“If you will permit me,” said Winton, “it is your Grace only whose favour I desire to gain.”

Here the Duke began to laugh in a somewhat imbecile way, shaking his head with an air of complacency which would have been too ludicrous for mortal powers of gravity, had not Winton’s mind been so much otherwise occupied. “Ah,” he said, “I see! you are thinking of that old story about the Foreign Office. You must know that was mere talk. I do not expect that anything could come of it. But if,” his Grace added with another little run of laughter, “when we return to power—be assured, Mr Winton, that nothing could give me greater pleasure——”

What was he to say? Winton knew very well that he himself was as likely, if not more so—for he was a young man, with the world before him—to be Foreign Minister than the Duke: and what with the confusion of the mistake and the ludicrous character of the patronage offered, he was more embarrassed than tongue could tell. “You are very kind,” he faltered, scarcely knowing what he said; then, taking his courage with both hands, “Duke,” he said, boldly, “it was on a much more presumptuous errand I ventured to intrude upon you. What you will say to me I dare not venture to think. I come not to ask for patronage or place, but for something a great deal more precious. I come——” Here he paused, so bewildered by the dignified unconsciousness and serene superiority of the potentate in whose presence he stood that words failed him, and he stood and gazed at that immovable countenance with a sort of appalled wonder to think that anything should be so great yet so small, so capable of making himself ridiculous, and yet with power to spoil two lives at his pleasure. The Duke shifted his position a little, put his right hand within his waistcoat in an attitude in which he had once stood for his portrait, and regarded his suppliant with benignity. “Go on,” he said, waving his other hand, “go on.”

Ah, how right the Duchess was! Oh, what a miserable mistake the lover had made! But there was no drawing back now. “I am not worthy, no one is worthy of her,” he said with agitation. “I am only a commoner, which I know is a disadvantage in your eyes.
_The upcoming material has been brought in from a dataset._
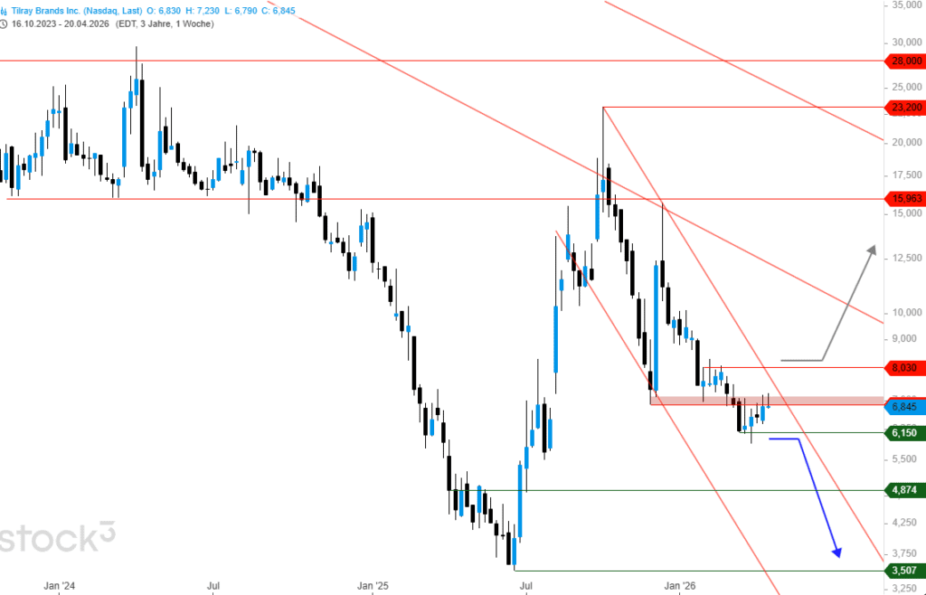 Hierbei spielt die Marke von 6,15 US$ eine entscheidende Rolle, da sich der Kurs von Tilray Brands bisher via Wochenschlusspreis stets darüber halten konnte. Aktuell gibt die Aktie ihre jüngsten Reaktionshochs wieder ab und könnte dadurch in Kürze wieder an diesem Level ankommen.

The only thing, and that is nothing, is, that at least I could make ample provision and secure every comfort for my wife.”

“Your wife!” said the Duke, with a surprise which was ineffable. If any gleam of suspicion came over him he quenched it in the sublime patronage of a superior. “This is very interesting,” he said, “and shows a great faith in my friendship to take me into your confidence on such a delicate subject. I am happy to hear you are in such favourable circumstances; but really,” he added with a laugh, “when you think how very unlikely it is that I can have any knowledge of the future Mrs Winton——”

The young man grew red and hot with a mixture of embarrassment and resentful excitement, stung by the look and the tone. “It is your daughter,” he said, “who has given me permission to come to you. It is of Lady Jane I want to speak. You cannot think me less worthy of her than I think myself.”

“Lady Jane!” The Duke grew pale; he took his hand out of his waistcoat, and stared at the audacious suitor with dismay. Then he recovered himself with an effort, and snatched at a smile as if it had been something that hung on the wall, and put it on tremulously. “Ah! ah! I see,” he added. “You think she might render you assistance. Speak a good word for you?—eh?” The attempt to be jocular, which was entirely out of his habits, convulsed his countenance. “Yes, yes, I see! that is what you mean,” he said.

There was a pause, and the two men looked each other in the face. A monarch confronted by the whole embodied force of revolution—scorning it, hating it—yet with an insidious suggestion of alarm underneath all—on one hand; and on the other the revolution embodied—pale with lofty anger and a sense of its own rights, yet not without a regret, a sympathetic pang for the old king about to be discrowned. The mutual contemplation lasted not more than a few moments, though it seemed so long. Then the Duke turned on his heel with a grimace which in his agitation he intended for a laugh. “I prefer,” he said, “on the whole, that Lady Jane should not be appealed to. My disposition to serve you was personal. The ladies of my family are not less amicably inclined, I am sure; but I do not wish them to be mixed up—in short you will understand that, wishing you well in every way, I must advise you to trust to your own attractions in a matrimonial point of view. I cannot permit my daughter to interfere.”

He had moved about while he was speaking, but at the end returned to his place and fixed Winton with the commanding look, straight in the eyes, of a man determined to intimidate an applicant. It was the least successful way in which he could have attempted to influence the present suitor. Winton’s excitement rose to such a pitch that he recovered his calm and self-possession as if by magic.

“I feel that I have explained myself badly,” he said, “and this is not a matter on which there can be any misunderstanding between us. I must ask you to listen to me calmly for a moment.”